Since the electron is initially traveling perpendicularly to the electric field, the force experienced by the electron will cause it to accelerate towards the positive plate. Thus, the acceleration can be calculated using the equation:
a = F / m
Substituting the values into the equations:
F = q * E
F = (1.6 * 10^-19 C) * (1.5 * 10^2 V/m)
F = 2.4 * 10^-17 N
a = F / m
a = (2.4 * 10^-17 N) / (9.11 * 10^-31 kg)
a = 2.64 * 10^13 m/s^2
Now, we can calculate the time taken for the electron to deflect the given distance using the equation:
s = ut + (1/2) * a * t^2
Where:
s is the distance deflected by the electron (1.0 * 10^-2 m),
u is the initial velocity of the electron (2.3 * 10^3 m/s),
a is the acceleration of the electron (2.64 * 10^13 m/s^2),
t is the time taken.
Rearranging the equation:
t = sqrt((2s)/a)
Substituting the values and calculating:
t = sqrt((2 * (1.0 * 10^-2 m)) / (2.64 * 10^13 m/s^2))
t = sqrt(7.576 * 10^-16 s^2 / m^2)
t = 8.70 * 10^-9 s
Therefore, the time taken for the electron to deflect a distance of 1.0 * 10^-2 m toward the positive plate is approximately 8.70 * 10^-9 seconds.
To calculate the time taken for the electron to deflect, we can use the equation for the force on a charged particle in an electric field:
F = q * E
Where:
F is the force on the electron (unknown)
q is the charge of the electron (1.6 * 10^-19 C)
E is the electric field strength (1.5 * 10^2 V/m)
First, we need to calculate the force acting on the electron:
F = q * E
= (1.6 * 10^-19 C) * (1.5 * 10^2 V/m)
= 2.4 * 10^-17 N
The force acting on the electron causes its acceleration:
F = m * a
Where:
m is the mass of the electron (9.1 * 10^-31 kg)

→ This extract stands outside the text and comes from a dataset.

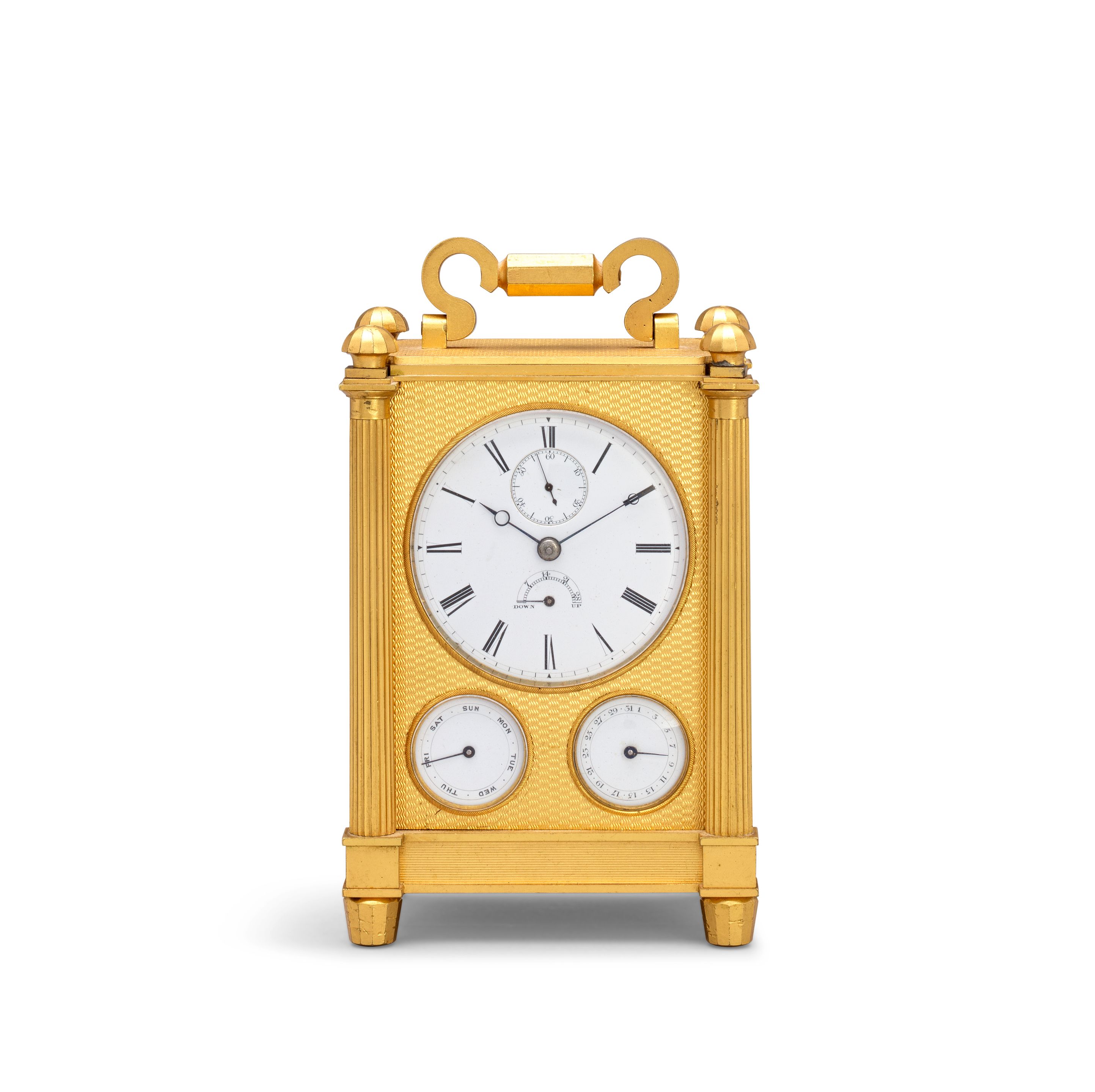 A fine mid 19th century English carriage timepiece with power reserve and calendar Dim 2,5 x 3,5 x5,5 Dim 2,5 x 3,5 x5,5 cm

a is the acceleration of the electron (unknown)
Rearranging the equation, we can solve for acceleration:
a = F / m
= (2.4 * 10^-17 N) / (9.1 * 10^-31 kg)
= 2.64 * 10^13 m/s^2
Next, we use the equation for displacement:
s = ut + (1/2) * a * t^2
Where:
s is the displacement of the electron (1.0 * 10^-2 m)
u is the initial velocity of the electron (2.3 * 10^3 m/s)
a is the acceleration of the electron (2.64 * 10^13 m/s^2)
t is the time taken (unknown)
We rearrange the equation and solve for time:
t = sqrt((2s) / a)
= sqrt((2 * 1.0 * 10^-2 m) / (2.64 * 10^13 m/s^2))
= sqrt(7.57 * 10^-16 s^2 / m^2)
= 8.7 * 10^-9 s
Therefore, the time taken for the electron to deflect a distance of 1.0 * 10^-2 m toward the positive plate is approximately 8.7 * 10^-9 seconds.